6) Production checklist for Linux Python service deployment

A technically correct snippet is only the start. Before you consider this pattern complete, define operational acceptance criteria that match real usage. Pick one reliability metric, one correctness metric, and one performance metric, then test each with representative input. For example, reliability might be failure rate under retries, correctness might be output agreement with known-good fixtures, and performance might be p95 runtime under expected load. This moves the implementation from tutorial code to maintainable production behavior.

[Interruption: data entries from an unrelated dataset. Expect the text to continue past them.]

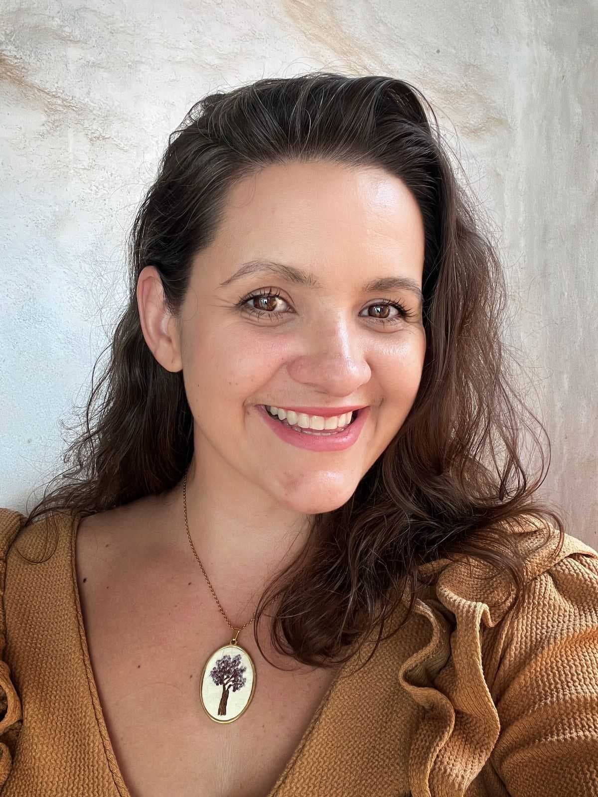 Meu nome é Aline Maria Cantagalo e eu bordo desde que tinha 9 anos de idade. Trabalhei dos 16 aos 30 anos com estamparia artesanal, desenvolvendo peças pintadas a mão para decoração, como cortinas, jogos de cama e de banho.
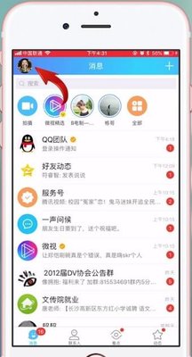 1.首先打开手机【QQ】,然后点击左上角【个人头像】图标
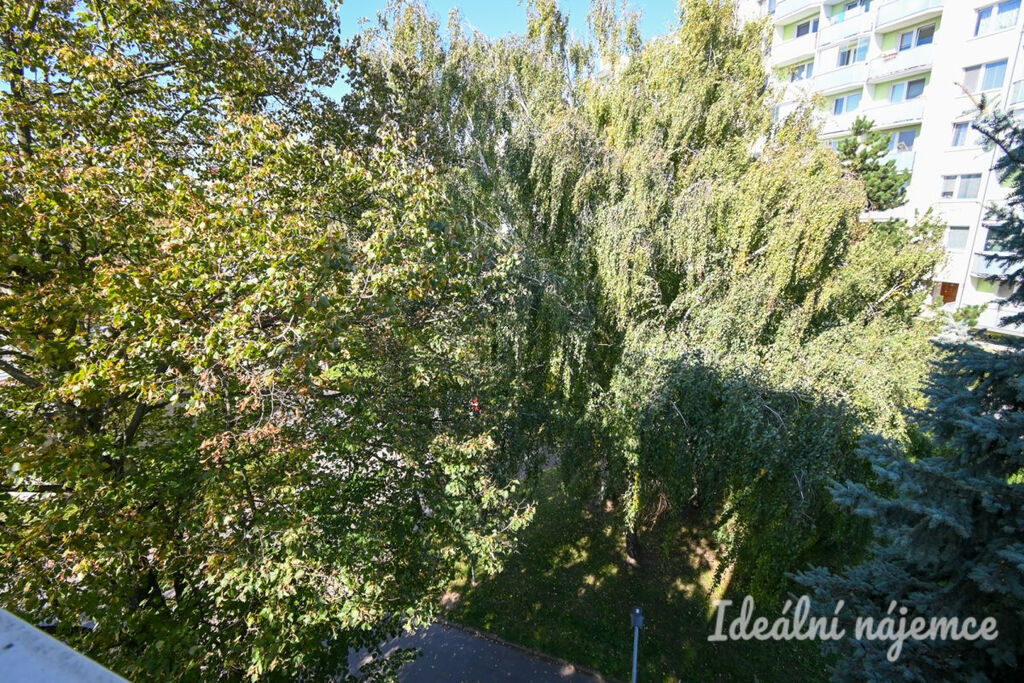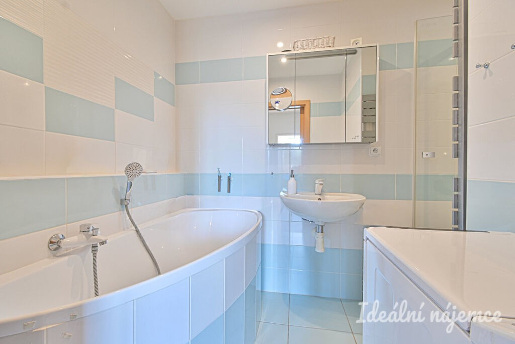 V kuchyni zůstává vestavěná kuchyňská linka se spotřebiči – elektrická trouba, varná deska, digestoř, lednice, myčka a mikrovlnná trouba. V ložnici zůstává manželská postel a šatní skříň. Ostatní vybavení bude z bytu odstraněno. Koupelna je po rekonstrukci a disponuje sprchovým koutem, vanou, umyvadlem a toaleta je samostatná.
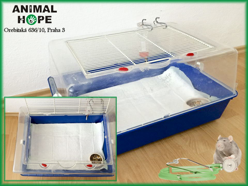 mít potkan ihned k dispozici vodu a jídlo. Čím dříve začne jíst a pít, tím lépe!
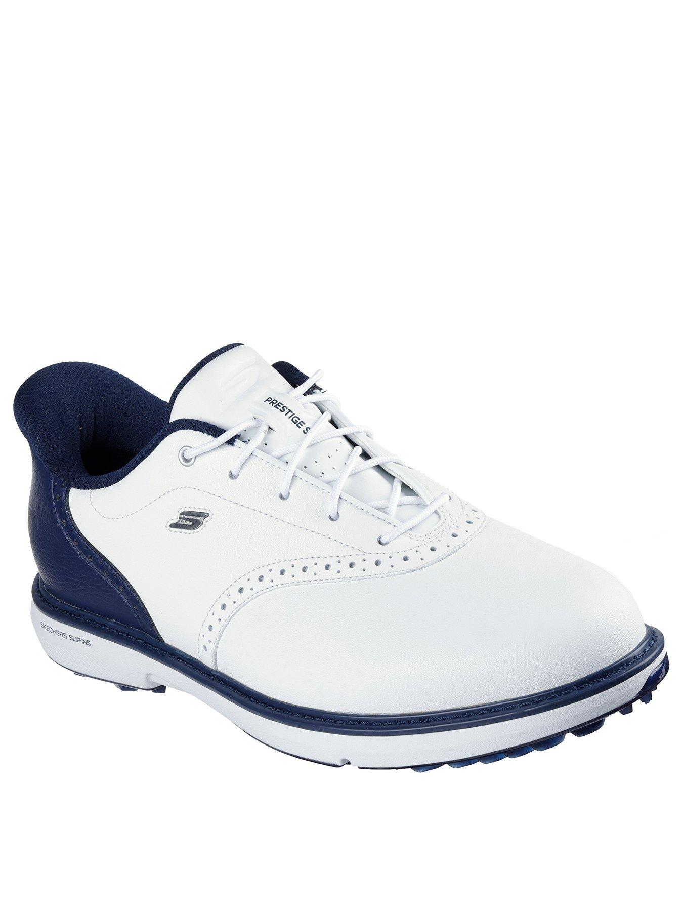 Skechers Mens Golf Prestige Shoes - WhiteHandle the course with the best in comfort technologies wearing Skechers Hands Free Slip-ins: GO GOLF Prestige SL. Designed with our exclusive Heel Pillow, this waterproof golf design features a lace-up leather upper with a removable Arch Fit insole, lightweight cushioning, and a spikeless outsole.
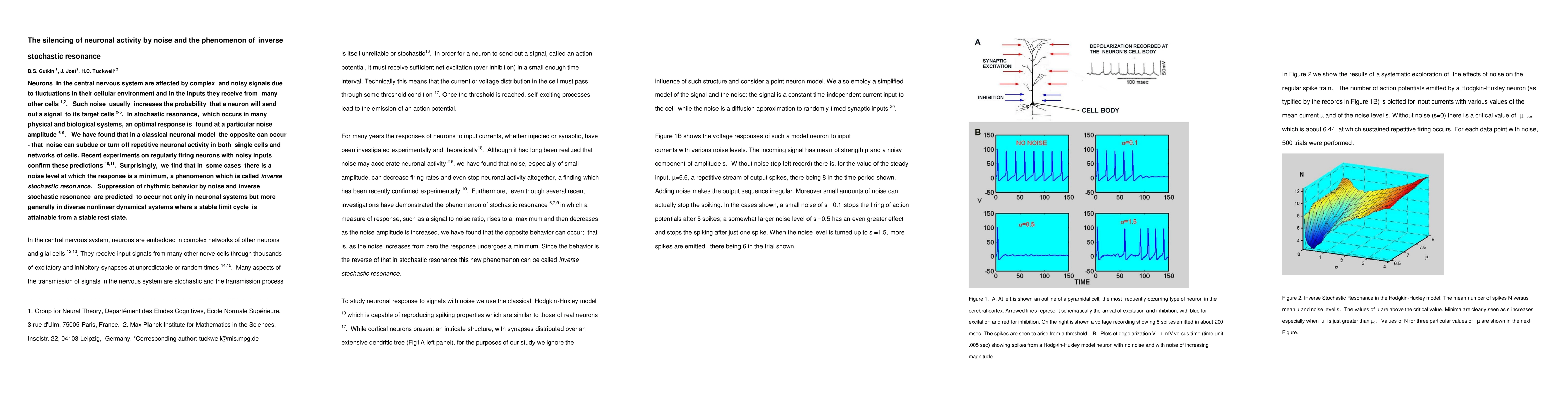 This paper investigates how noise can paradoxically silence neuronal activity, contrary to the usual enhancement of signal transmission. It introduces the concept of inverse stochastic resonance, where a specific noise level minimizes neuronal response, observed in both single neurons and networks, suggesting this phenomenon is prevalent in various nonlinear dynamical systems.

Create a short executable checklist so future contributors can validate changes quickly. Keep the checklist in version control and run it in CI whenever possible. A typical format is: validate environment assumptions, run a minimal happy-path example, run one malformed-input case, and confirm observable logs include enough context for troubleshooting. If external systems are involved, add a dry-run mode that avoids destructive actions while still exercising integration paths.

bash
1# Example validation flow
2make test
3make lint
4./scripts/smoke_check.sh

Operational ownership should also be explicit. Decide who responds when this component fails, what alert threshold should trigger investigation, and what rollback or fallback path is acceptable. Even a simple fallback plan, such as disabling a feature flag or reverting one deployment, can reduce incident duration significantly. For data-oriented workflows, add input and output sampling logs so regressions can be diagnosed without reproducing the full workload locally.

Finally, document constraints and non-goals. Clarify what the current approach handles well and what it does not attempt to solve. This prevents accidental misuse and repeated redesign debates. A concise limitations section plus automated checks is often enough to keep a small utility pattern dependable over time, even as team members and environments change.

Common Pitfalls

  • Running service as root when not required.
  • Using relative paths that fail under systemd execution context.
  • Forgetting daemon-reload after editing unit files.
  • Not enabling service, causing it to disappear after reboot.
  • Ignoring logs and guessing at startup failures.

Summary

Use systemd to run Python scripts as reliable services on Linux. Define a clear unit file, run under least privilege, and use journald logs for troubleshooting. This approach is stable for both simple daemons and production workloads.

In long-lived projects, capture these rules in a short team guideline and back them with one automated smoke test. That combination keeps behavior consistent across refactors and onboarding, and it prevents the same category of errors from recurring when commands, libraries, or infrastructure versions change over time.